2011 / 11月
主唱季欣霈是畢業於台大會計系的高材生，高中就有組團的經驗，上大學後開始參加大大小小的音樂比賽，並和師大附中的學長組成「APAY樂團」，開始在live house 演唱。
Eric Lin /tr. by Geoff Hegarty and Sophia Chen
The growth of the independent music scene and the enthusiastic support it receives from its large number of fans has become quite a striking element of Taiwan's rock music development over the past decade. Bands producing experimental or avant-garde music, usually heavily individualistic in style and lacking any commercial support from mainstream record companies, have been able to attract a diverse and expanding number of fans. With their emphasis on experimentation and challenge, the band Coconuts is a good example.
Inside Coconuts' somewhat shambolic studio near National Taiwan Normal University, 20-plus electric guitars hang on the wall.

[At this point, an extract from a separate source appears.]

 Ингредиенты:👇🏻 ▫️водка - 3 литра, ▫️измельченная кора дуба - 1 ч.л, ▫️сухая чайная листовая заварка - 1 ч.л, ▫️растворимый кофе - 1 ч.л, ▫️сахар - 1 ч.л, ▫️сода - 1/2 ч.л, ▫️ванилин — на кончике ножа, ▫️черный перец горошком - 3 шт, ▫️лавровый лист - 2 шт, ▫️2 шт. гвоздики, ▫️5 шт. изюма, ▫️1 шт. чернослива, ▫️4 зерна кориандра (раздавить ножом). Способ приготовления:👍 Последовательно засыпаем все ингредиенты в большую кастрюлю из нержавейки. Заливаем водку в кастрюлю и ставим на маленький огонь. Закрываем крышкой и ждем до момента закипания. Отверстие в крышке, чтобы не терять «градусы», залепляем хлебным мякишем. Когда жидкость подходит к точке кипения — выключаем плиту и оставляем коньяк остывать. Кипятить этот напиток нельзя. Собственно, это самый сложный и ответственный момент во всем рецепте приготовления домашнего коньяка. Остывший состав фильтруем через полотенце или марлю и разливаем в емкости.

The band comprises three members: lead vocalist and keyboard player Ji Xinpei, guitarist Han Likang and drummer Lai Shengwen. Established less than a year ago, the band has released only three singles, but has already attracted attention-perhaps because its three members were already familiar faces on the music scene.
Lead vocalist Ji Xinpei is in fact an outstanding graduate of National Taiwan University with a major in accounting. Ji gained her first experience of playing in a band when she was a student at the Affiliated Senior High School of National Taiwan Normal University. She took part in a number of music contests during university, and with some of her fellow senior-high-school alumni, set up a band called APAY, which gave her the first experience of playing live in front of an audience.
In 2003, not long after the band started, their talent was discovered by musical producer Will Lin, and their first single "Blue" was released in 2004. In the same year, the band won the honors for Viewers' Choice at the Ho-Hai-Yan Rock Festival. Their debut album The Lead Vocalist was released in 2006, the singer's vibrant voice winning them countless fans. But afterwards when both the guitarist and the drummer were called up for military service, and the bassist won admission to a graduate institute, they were forced to disband.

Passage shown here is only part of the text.